Order, Supreme Court, New York County (Robert Lippmann, J.), entered August 1, 2001, which, inter alia, granted defendants' respective motion and cross motion for summary judgment dismissing the complaint, unanimously affirmed, without costs.
ANTHONY L. TERSIGNI, for plaintiff-appellant.
RENéE L. CYR STEVE S. EFRON JULIAN L. KALKSTEIN, for defendants-respondents.
Before: Tom, J.P., Andrias, Buckley, Wallach, Lerner, JJ.

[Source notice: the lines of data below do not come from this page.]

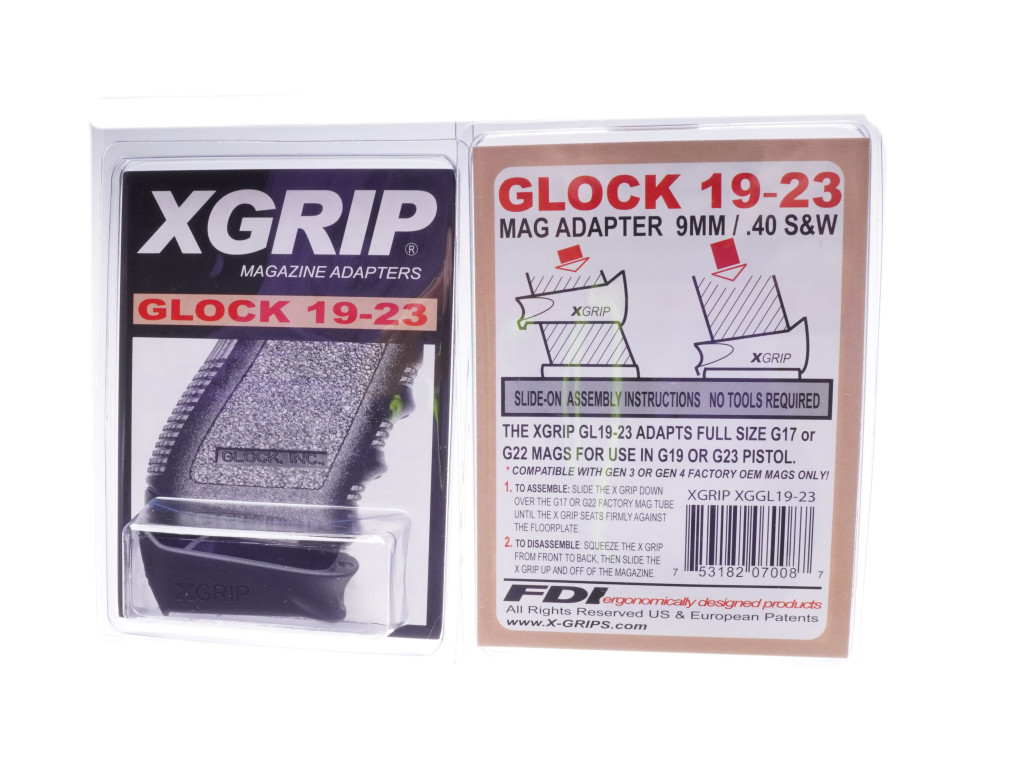 The newly patented XGRIP XGGL26-27C adapts the G19, G23 or G32 compact magazines for use in the G26, G27 or G33 pistols, incorporating the larger magazine into the subcompact grip, and increasing the gun’s capacity. Law enforcement and military personnel can carry the Glock 26, 27 or 33 with a standard magazine when concealment is important, then insert the compact higher capacity magazine with XGRIP when maximum firepower and capacity become critical.
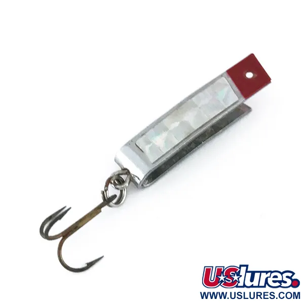 S lehkou váhou 2,3 g (3/32 oz) je model Super-Duper 501 vybaven leštěným niklovým povrchem, který je navržen tak, aby vytvářel odlesky v celém vodním sloupci. Tento konkrétní exemplář s kódem produktu 8018 představuje klasické kovové tělo ve tvaru písmene „U“, které společnost Luhr Jensen vyrobila v USA. Jedna strana 3cm (1 1/4") rámu je doplněna prismatickou páskou s čtvercovým vzorem, která vytváří holografický kontrast kovu. Sytě červený hrot u očka pro navázání vlasce slouží jako tradiční bod útoku, který se na těchto vintage kouscích často vyskytuje. Druhá strana zůstává čistým, leštěným kovovým povrchem, kde jsou do niklu jasně vyraženy značky výrobce. Veškerý originální hardware, včetně kroužku a trojháčku, vypadá zachovale, což odpovídá hodnocení stavu 5/5. Bronzový trojhák je připevněn k zadnímu ohybu unikátního profilu nástrahy.
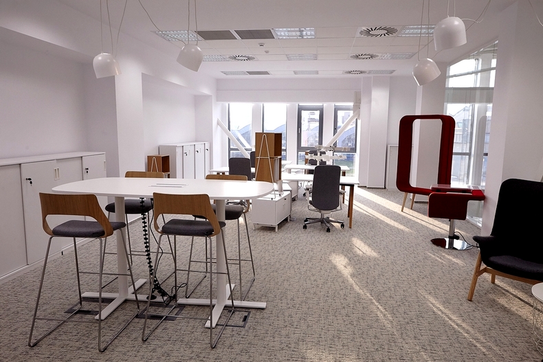 Noul birou este un open space cu suprafete vitrate mari si spatii generoase, unde lumina naturala pune in valoare mobilierul in stil minimalist, nordic. Liniile simple ale mobilierului urmaresc tendintele contemporane de amenajari interioare, in timp ce accentele rosii respecta branding-ul companiei. Este un interior care a fost gandit astfel incat sa puna accentul si pe colaborarea dintre colegi: prin suprafetele deschise si prin locurile de intalnire formale si informale.
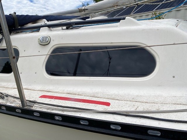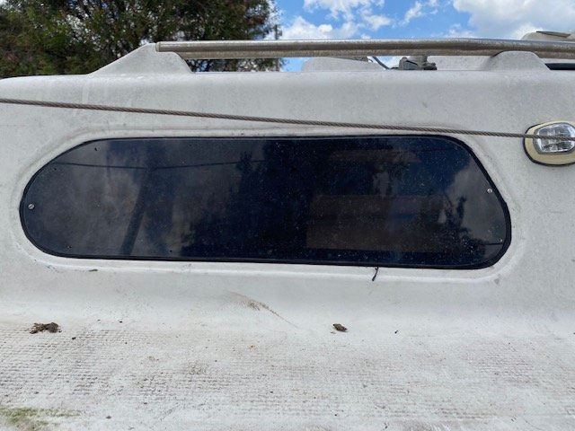 #50. Drilled out the rivets, levered out the windows and cleaned off the silicone. The bond between the silicone and the fibreglass was nowhere near as strong as between the Sika and the fg on the other boat. From there, followed Emrys tutorial. Also applied a great tip from Mark who did Aminee's windows, with regard to lining them up. The most critical thing as is continually repeated with vhb application is that you have to line up right the first time. Marks suggestion of making a mark on boat and window at all 4 points - top, bottom and both ends, was a huge help.
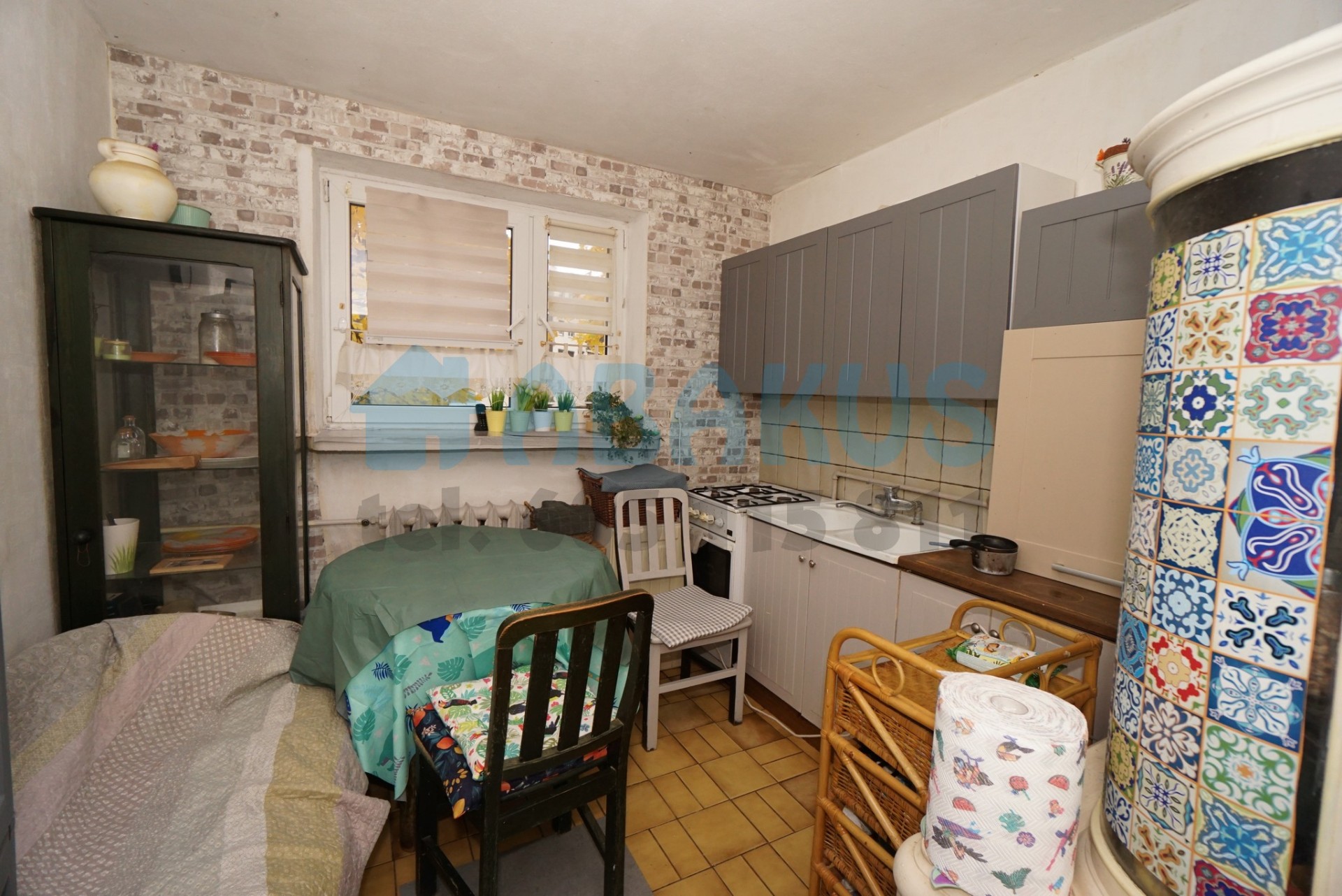 Ściany malowane emulsyjnie, podłogi terakoty i panele podłogowe. Łazienka - ściany częściowo w glazurze, podłogi terakota, wyposażona w wannę. Wszystkie okna PCV, w salonie wyposażone w rolety zewnętrzne).
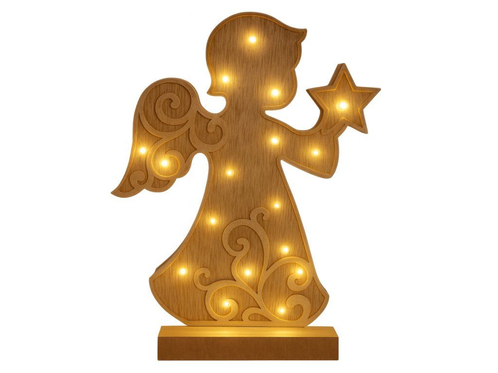 Krásny drevený doplnok s 18 LED diódami. Rozžiari váš domov i srdce a navodí tú pravú atmosféru vianočného pokoja. Motív: LED dekoračná ozdoba, drevený anjel. Bezdrôtová prevádzka, možno položiť kamkoľvek.
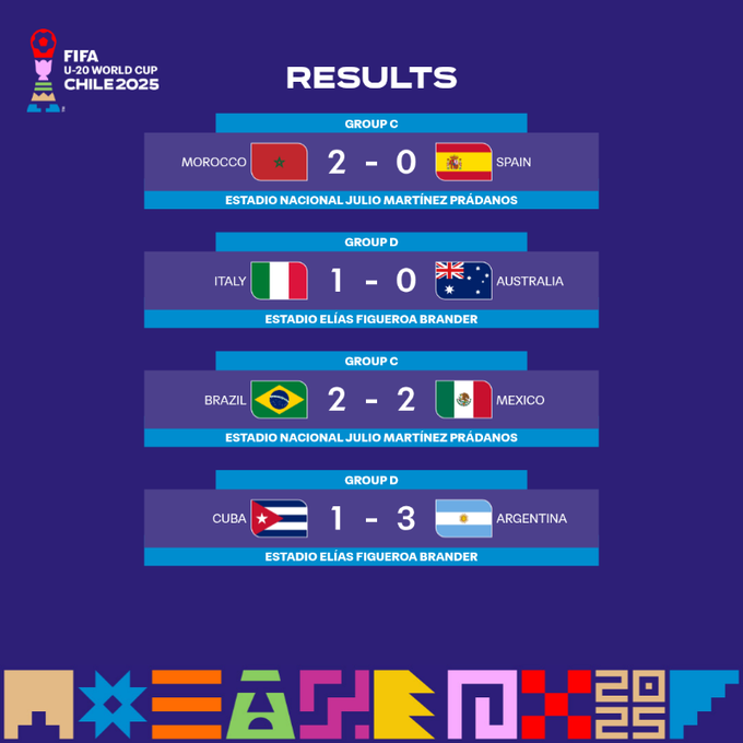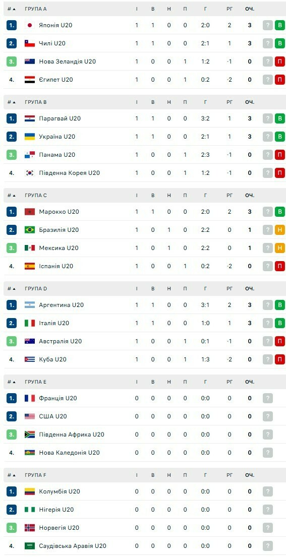 Таблицы ЧМ U-20. Фиаско Испании, ничья Бразилии, Аргентина взяла три очка

The complaint alleging false arrest and imprisonment was properly dismissed since defendants met their burden to demonstrate that plaintiff's arrest as well as his ensuing pre-arraignment incarceration, were supported by probable cause (see, Broughton v. State of New York, 37 N.Y.2d 451, cert denied sub nom. Schanbarger v. Kellogg, 423 U.S. 929; Shapiro v. County of Nassau, 202 A.D.2d 358, lv denied 83 N.Y.2d 760). In this connection, the record sufficiently establishes that plaintiff, while operating his vehicle, was observed by the arresting officers at a toll booth area waiting to pay his toll; that he appeared to the officers to be unsteady and confused, and smelled of alcohol; and that his face appeared flushed and his eyes, watery and bloodshot. In addition, while plaintiff was still in the toll plaza, two other cars pulled into the plaza, and the drivers of those vehicles informed the officers that their cars had been struck by plaintiff's automobile and that plaintiff, subsequent to the vehicular contact, had failed to stop. Under these circumstances, the officers were amply justified in arresting defendant.
We have considered plaintiff's other arguments and find them unavailing.
THIS CONSTITUTES THE DECISION AND ORDER OF THE SUPREME COURT, APPELLATE DIVISION, FIRST DEPARTMENT.